Other cultural activities of Haslam included creating an installation for the Berlin-based 'Shrinking Cities' exhibition; presenting a twenty-minute talk on the North/South divide for BBC Radio 3; appearing on TV shows on BBC Two (including the series The Seven Ages of Rock, 2007,) and on Channel 4, Granada TV, and Canal Plus (France); and, for two years, hosting a weekly music show on XFM.

In 2009, he created the 'Close Up' series of live onstage interviews. He has since conducted onstage interviews with guests including Jeremy Deller, writers Will Self, Jackie Kay, Michael Chabon, and Jonathan Franzen, musicians Terry Hall, Edwyn Collins, Kevin Rowland, Jarvis Cocker, Nile Rodgers and John Lydon. In January 2014 he hosted his first 'Close Up' interview in Paris, which took place at Silencio and featured Laurent Garnier. He returned to Silencio in October 2014 to interview the disco pioneer Marc Cerrone.
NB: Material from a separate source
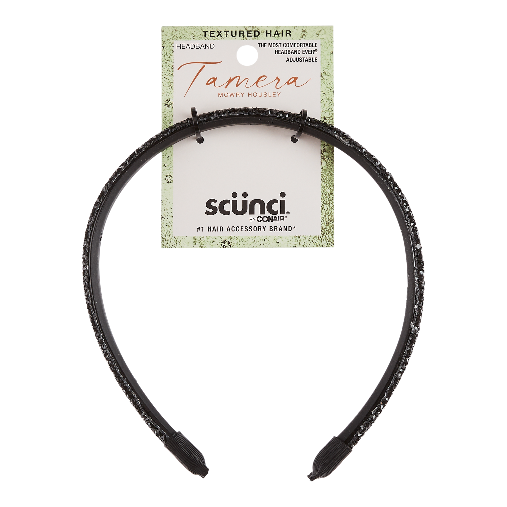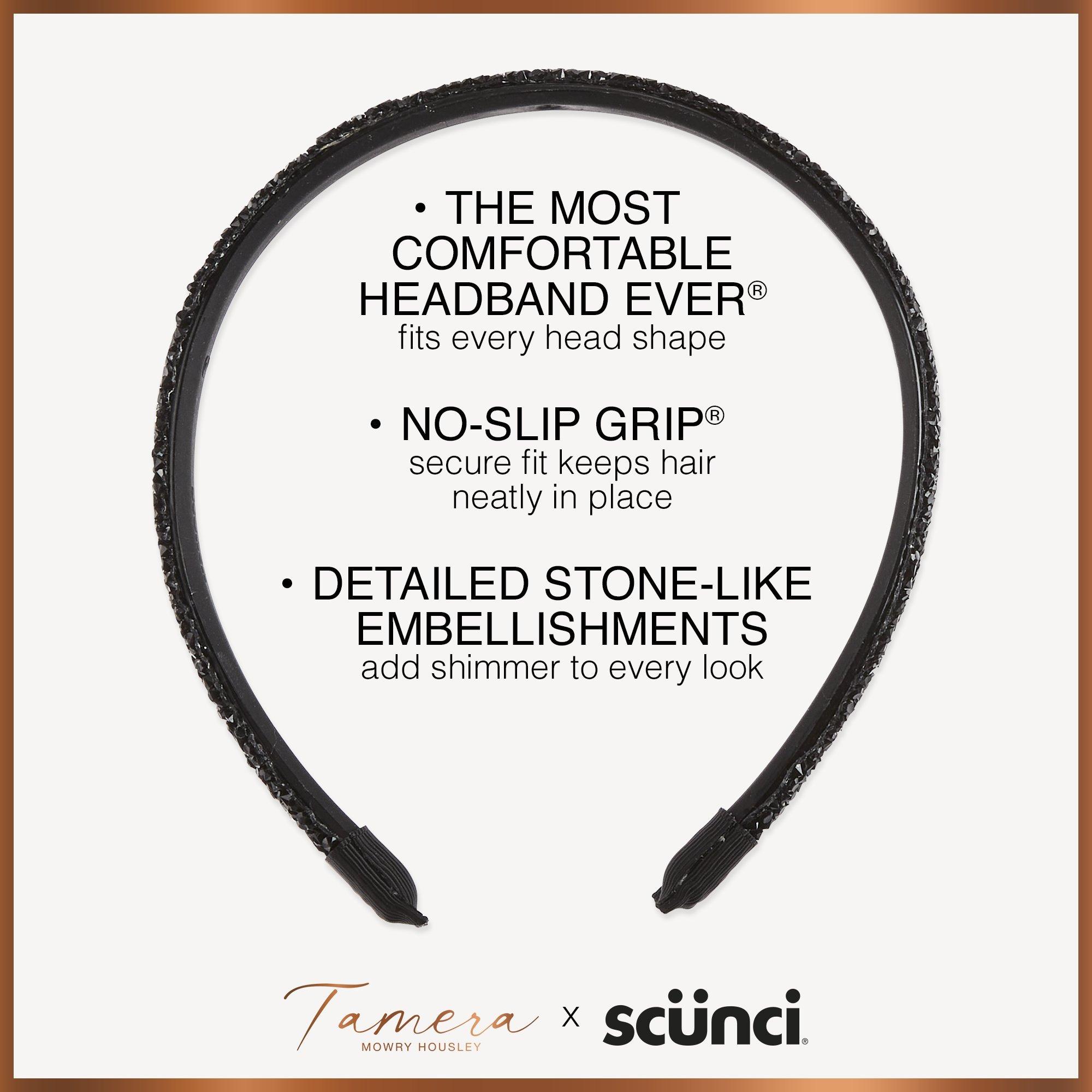 Meet your new go-to hair accessory: The Most Comfortable Headband Ever from Tamera Mowry Housley x scünci. This black beauty with shimmering stone embellishments bends to fit any head shape, ensuring a secure, no-slip grip all day long.

His DJ history includes touring with The Stone Roses, aftershow parties for New Order, Depeche Mode, Gorillaz, and the Charlatans, and gigs in Chicago, Cleveland, Detroit, Berlin, Paris, Reykjavik, Ibiza, Lima, and Geneva. From 2001-2007 he hosted an infrequent guest-only night, 'Sweet Sensation' at various venues in Manchester.
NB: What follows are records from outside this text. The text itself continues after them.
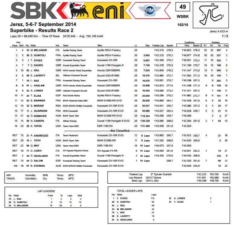 U prvoj utrci u Jerezu sve je počelo baš tako. Guintoli je s Aprilijom poveo, dok se Sykes sa Kawasakijem borio na rubu prve desetorice. No, kako je utrka odmicala tako se Guintoli sve teže borio sa istrošenim gumama dok je njegov timski kolega Melandri bio sve brži te ga je nekoliko krugova prije kraja lagano obišao na putu do pobjede i tako mu izbio 5 bodova. Da stvar bude nepovoljnija po Guintolija, Sykes je profitirao od toga što su odustali neki vozači ispred njega, pa se tako domogao 5. mjesta, iza trećeplasiranog Daviesa na Ducatiju i Reae na Hondi te malo ispred Lavertyja na Suzukiju.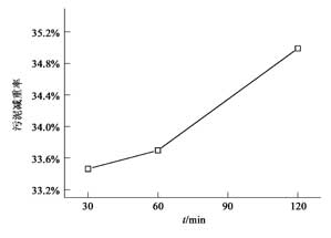 圖3 是在相同的溫度900 ℃下,不同焚燒時(shí)間的減重率曲線. 由圖可見(jiàn),隨著電鍍污泥在管式爐內(nèi)的焚燒時(shí)間超過(guò)60min 之后,減重率增加幅度有明顯的較大提高,通過(guò)分析知,這主要是由于電鍍污泥中一部分鹽在高溫時(shí)的分解造成的,同時(shí)結(jié)合后面關(guān)于重金屬析出的試驗(yàn)結(jié)果,與在溫度較低時(shí)基本不析出的高沸點(diǎn)重金屬元素如Zn ,Pb 等逐漸析出到空氣中也有一定的關(guān)系.
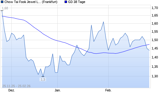 Mit dem Rücksetzer auf 1,45 EUR hat die CHOW TAI FOOK JEWEL.-Aktie am 24.02.2026 die 38-Tage-Linie nach unten gekreuzt.

Haslam has taught music journalism at the University of Salford and lectured at Manchester Metropolitan University in the School of Art.
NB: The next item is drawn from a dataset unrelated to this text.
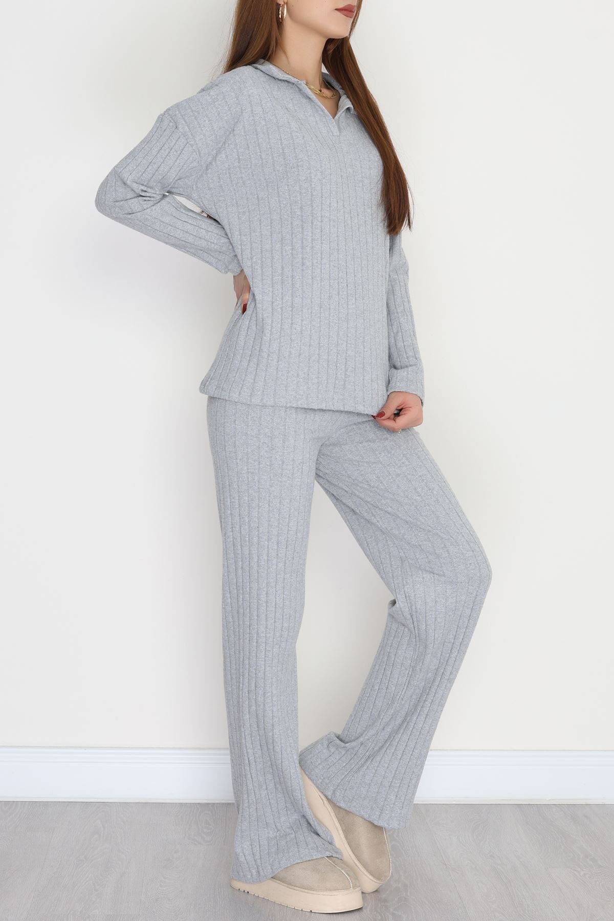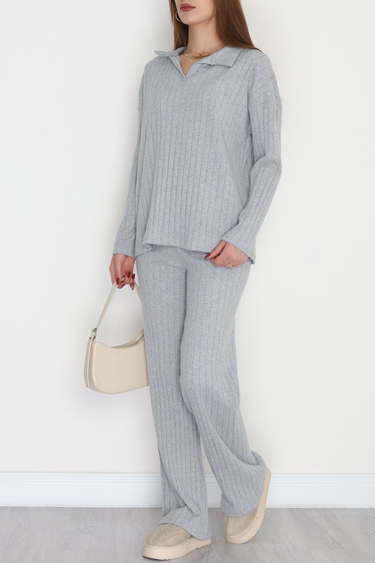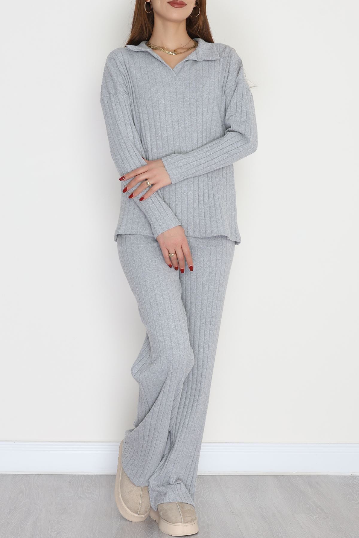 Polo Yaka Likralı İnterlok Fitilli Takım Gri - 90970.1748.

In 2012, he co-curated the exhibition 'Dreams Without Frontiers' at the Manchester Art Gallery. In 2017 he co-curated 'So It Goes' a collaboration between New Order, Liam Gillick, and a 12-piece synthesizer orchestra which was commissioned by Manchester International Festival.

In 2019 he published the first of a series of limited edition "mini-books"; the series is dubbed Art Decades. The subjects of the books includes vinyl record collecting, Keith Haring's relationship with New York nightlife, Courtney Love living in Liverpool in 1982, and the poet Sylvia Plath. The broadcaster James O'Brien has described the Art Decades series as "Lovely editions & beautifully written".